As a boy, Alessandro rarely saw his mother. He seems to have had a cool and distant relationship with his father. At the age of six, he was sent away from home to begin his schooling in a variety of religious boarding schools operated by the Somaschi and Barnabite fathers. From an early age, Alessandro was drawn to literature, to poetry in particular, and to the ideals of liberty, reason and atheism. Among his first poems was one from this period entitled The Triumph of Liberty (1801), a poem of considerable merit in praise of the French Revolution. In 1804 Manzoni began to frequent the circle of Neoclassical poets gathered around Vincenzo Monti, whom he had already known and admired for some time before; Monti's insfluence is especially apparent in th poems of Manzoni's classicist period, most notably Adda (1803), and Urania (1807).

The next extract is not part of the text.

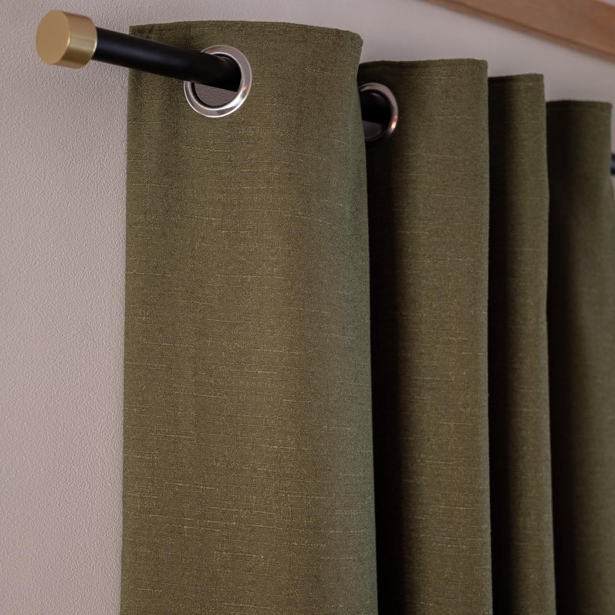 Beautiful Boucle. Slide our green textured blackout curtains straight onto your curtain pole for an instant room refresh. The woven boucle fabric, backed by a thick lining, falls in soft wide folds from the stainless-steel eyelet header. A curtain for all seasons. Draw them to keep out summer light or keep in winter heat. Open and closed they're a smart pair. Team with a sheer blind or voile to take your window treatment one stage further. Why not wake up to luxury linen too, we have some adorable options that'll look fabulous with these curtains. Green Plain Design. Silver Stainless iron Eyelets. Features. Blackout. Made from 100% polyester. Lined. Lining made from 100% polyester. Dimensions Size 168cm (66 inches) wide by 183cm (72 inches) drop. Eyelet diameter: 4cm. General information. Contains one pair of curtains. Suitable for curtain poles. Curtain pole not included. Professional clean only. General Information: We are excited to be welcoming some of our favourite HOME products into the Habitat range. Your product may arrive in Habitat or HOME packaging. Manufacturer's 1 year guarantee.

His friendship with the scholars Francesco Lomonaco and Vincenzo Cuoco, who had fled Bourbon Naples after the fall of the Parthenopean Republic, further contributed to his revolutionary leanings and introduced him to historical studies and the philosophical ideas of Giambattista Vico. In 1804 Cuoco entrusted the nineteen year old Manzoni with the editing of his novel Platone in Italia.
Manzoni sojourned in Venice from the fall of 1803 to the spring of the following year. Here he attended salon hosted by Isabella Teotochi Albrizzi and made the acquaintance of Ippolito Pindemonte and Ugo Foscolo. Upon the death of his father in 1807, he joined the freethinking household of his mother at Auteuil, and came into contact with the group of philosophers known as the Idéologues, among whom he made many friends, notably Claude Charles Fauriel. He established close ties with the intellectual leader of the Idéologues, Antoine Destutt de Tracy, whose daughter he was at a certain point supposed to marry. Through Fauriel and Madame de Condorcet, Manzoni met some of the leading intellectual figures of Paris, among them Augustin Thierry, François Guizot, Pierre Jean Georges Cabanis, and Benjamin Constant. He became a close friend of Victor Cousin, Marcellin de Fresne and Marquis Jean-Baptiste de Montgrand, who later translated into French Manzoni's Inni Sacri an The Betrothed.

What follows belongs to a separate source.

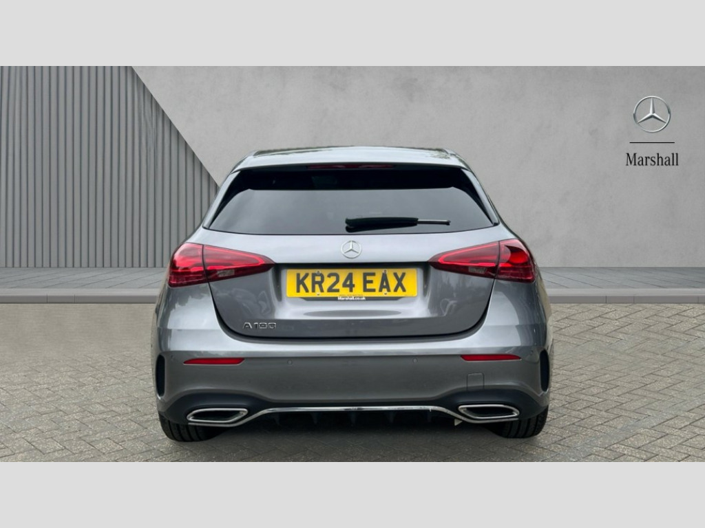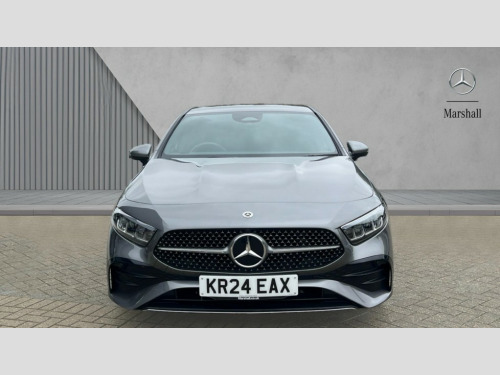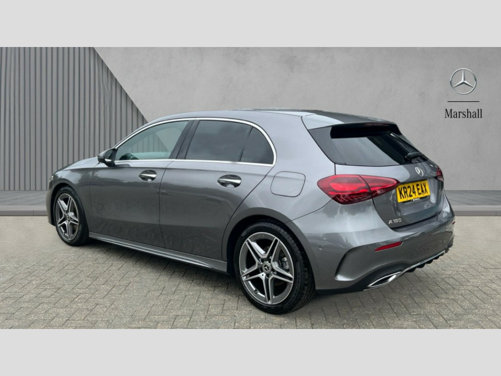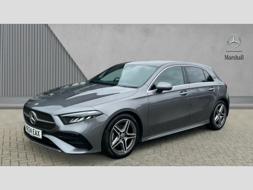 Mercedes-Benz A Class A180 AMG Line Executive 5dr Auto 10.25 inch touchscreen central media display, 10.25" Digital instrument cluster display screen, Attention assist, Brake pad wear indicator warning light, Car wash mode, Cruise control + speed limiter, Direct steering, Direction indicators with lane change function, Dual bluetooth interfaces, DYNAMIC SELECT with a choice of driving modes (ECO, Comfort, Sport and Individual), Easy pack tailgate hands-free access, ECO start/stop function, Engine start/stop button, Fluid level warning indicator for fuel, oil, coolant and washer fluid, Fluorescent jacket for driver, Hard-disk navigation, Hey Mercedes Voice activation, Lamp failure indicator, Lane keeping system, Mercedes me connect including emergency call system, accident recovery, breakdown and maintenance management, Mercedes me remote services, Outside temperature gauge, Owners manual in English, Pre-installation of private car share, Preinstallation for Mercedes Benz link, Remote boot closing, Service indicator (ASSYST), Smartphone integration with Apple CarPlay and Android auto, Speed limit assist, Speed sensitive power steering, Tailgate, Trip computer in multifunction display with current consumption indicator, Wireless charging, Lowered comfort suspension, DAB Digital radio, MBUX multimedia system, Mercedes Benz sound system (100 W) with 6 speakers, 4 Electric Front and Rear windows, Adaptive brake lights, AMG body styling - AMG front apron with front splitter and AMG rear apron and visible exhaust tailpipe trim elements, Body colour bumpers, Body colour door handles with chrome inserts, Body colour side skirt, Body coloured door mirrors, Chrome beltline strips, Diamond radiator grille with pins in fine star pattern, Electric adjustable and heated door mirrors with integrated LED side indicators, Exhaust system with 2 visible tailpipe trim elements and rear apron, Headlamp assist automatic headlamp activation, Heat insulating dark tinted rear and rear side windows, Heated glass rear windscreen + timer control, LED High level third brake light, LED High Performance headlamps including integral LED daytime running lamps and adaptive highbeam assist, LED tail lamp, Privacy glass, Radio aerial, Rain sensing windscreen wipers with two sensitivity settings, Rear fog lights, Rear side wing doors, Rear windscreen wiper, Window line trim strip in chrome, 3 seat bench in 2nd row, 3 Spoke flat bottom leather multi function steering wheel with perforated leather in grip area, 4 way lumbar support, 40:20:40 split folding rear seats, Air conditioning - One zone THERMATIC automatic climate control with automatically controlled air distribution, AMG floor mats, Automatic child seat recognition sensor, Black air vents with surround in silver chrome, Black roof lining, Brushed stainless steel sports pedals with rubber studs, Front centre armrest with stowage, Front door sills with Mercedes Benz lettering, Front seat backs luggage nets, Galvanished gear shift paddles on steering wheel, Heated front seats, Height/reach adjustable steering column, Interior lighting - 64 colour Ambient lighting, Interior mirror with reading lamps in black and frameless, Rear armrest with 2 cupholders, Seat occupancy sensor for front passenger seat, Single front passenger seat, Sports seats with integrated headrests, Stowage compartment in centre console with retractable cover, Sunvisors with illuminated vanity mirrors, Twin front cupholders, Light and sight pack - A Class, Mirror package - A Class, Parking pack - A Class, Seat comfort pack - A Class, USB pack plus - A Class, 3 rear 3 point seatbelts, ABS with Brake Assist, Active bonnet, Active brake assist includes forward collision warning system with autonomous braking, Adaptive brake assist with hold function and hill start assist, Black seatbelts, Bonnet with power domes, Childproof locks manually operated for rear doors and electrically operated for rear power windows, Crash responsive emergency lighting, Driver and passenger head and side airbags, Drivers knee airbag, Dual stage driver/passenger airbags, Electronic parking brake, ESP curve dynamic assist, ESP with ASR, Front and rear seatbelt reminder, ISOFIX and top tether child seat fixing points in two outer rear seats, Tyre pressure monitoring system, Warning triangle and first aid kit, Window airbags, Alarm system/interior protection/immobiliser, Guard 360 degree vehicle protection, Keyless entry lock/unlock, Keyless Go, Remote central locking and crash sensor with emergency opening function, Light longitudinal grain aluminium trim, 18" AMG 5 twin spoke light alloy wheels,aerodynamically optimised, painted in termolite grey with high sheen finish, Summer tyres, Tirefit sealant kit

In 1806–1807, while at Auteuil, Manzoni published his first works, the neoclassical poem Urania, inspired by Monti's Musogonia, and an elegy in blank verse, on the death of Count Carlo Imbonati. In the notes to his Sepolcri, Foscolo highly praised Manzoni's ode In morte di Carlo Imbonati as the "poetry of a young talent born for literature and warm with love of country".